Overfitting in Decision Tree Models

Overfitting in Decision Tree Models

Introduction:

Overfitting is a common machine learning problem in which a model learns the training data too well, resulting in noise and outliers. It happens when a model performs extremely well on training data but poorly on validation/test data. This produces excellent performance on training data but poor generalization to new, untested data. In other words, the model cannot generalize to new data. This is frequently caused by an overly complex model, which has too many parameters compared to the number of observations.

Overfitting in decision trees occurs when the tree is too deep, allowing it to detect noise and anomalies in training data.

Causes of Overfitting in Decision Trees

Depth of the Tree: Since a deep tree generates a lot of prediction rules, many of which might only apply to the training set, it is more likely to overfit.

Limited Training Data: A small training data set increases the likelihood of overfitting. The model might pick up noise or anomalies in the training set to minimise the loss.

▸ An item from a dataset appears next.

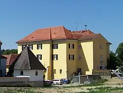 Der dreigeschossige Rechteckbau mit Walmdach aus dem 18. Jahrhundert ist im Kern mittelalterlich. Das Gebäude steht heute unter der Nummer D-2-74-132-2 als Baudenkmal unter Denkmalschutz.[2]

High dimensionality: The model may be able to learn from the noise in the dataset if it contains an excessive number of features. The curse of dimensionality is the term for this.

Decision Tree:

A decision tree is a structure that resembles a flowchart, where each leaf node represents an outcome, each branch represents a decision rule, and each internal node represents a feature (or attribute). Overfitting is a common problem with decision trees, particularly when they are allowed to grow deeply. If training data is perfectly classified by a deep tree, it may produce very specific rules that perform poorly on unseen data. This is because the training data may contain noise or outliers that these rules are based on.

Underfitting:

A machine learning model under fits when it is unable to identify underlying patterns in the data, leading to a notable bias and poor accuracy. It occurs when there are either too few or too many components in the model for conclusions to be drawn from the data. Poor performance on the training and testing datasets is a result of underfitting. Reducing regularization or using more complex models are two ways to combat underfitting. A model that is overfitted has low bias but high variance, whereas an underfitted model has low variance but high bias.

Pruning:

Pruning is a technique used in search and machine learning algorithms that minimizes the size of decision trees by eliminating parts of the tree that have low classification power. By reducing overfitting, pruning lowers the final classifier's complexity and increases predictive accuracy.

Pre-Pruning:

Pre-pruning: Also known as “early stopping," this technique halts the tree construction early. It’s a preventative measure—rather than waiting until the tree is fully grown, if certain conditions are met, the tree stops being built. This could be based on the maximum depth of the tree, reaching a minimum node size, or if the improvement in the fit of the model is not statistically significant.

Post Pruning:

Post-pruning, also known as cost-complexity pruning or just pruning, takes a different approach. It first grows the full decision tree and then evaluates the impact of removing parts of the tree that do not improve predictive power. This evaluation can be done by assessing the effect of removing a subtree from a validation set or using pruning algorithms like Reduced Error Pruning (REP) or Minimal Cost-Complexity Pruning (MCCP). While post-pruning is more computationally expensive than pre-pruning, it frequently produces more optimal trees that generalize better to new data.

Ensemble Methods:

Ensemble Methods: These are meta-algorithms that combine several machine learning techniques into one predictive model to decrease variance (bagging), bias (boosting), or improve predictions (stacking).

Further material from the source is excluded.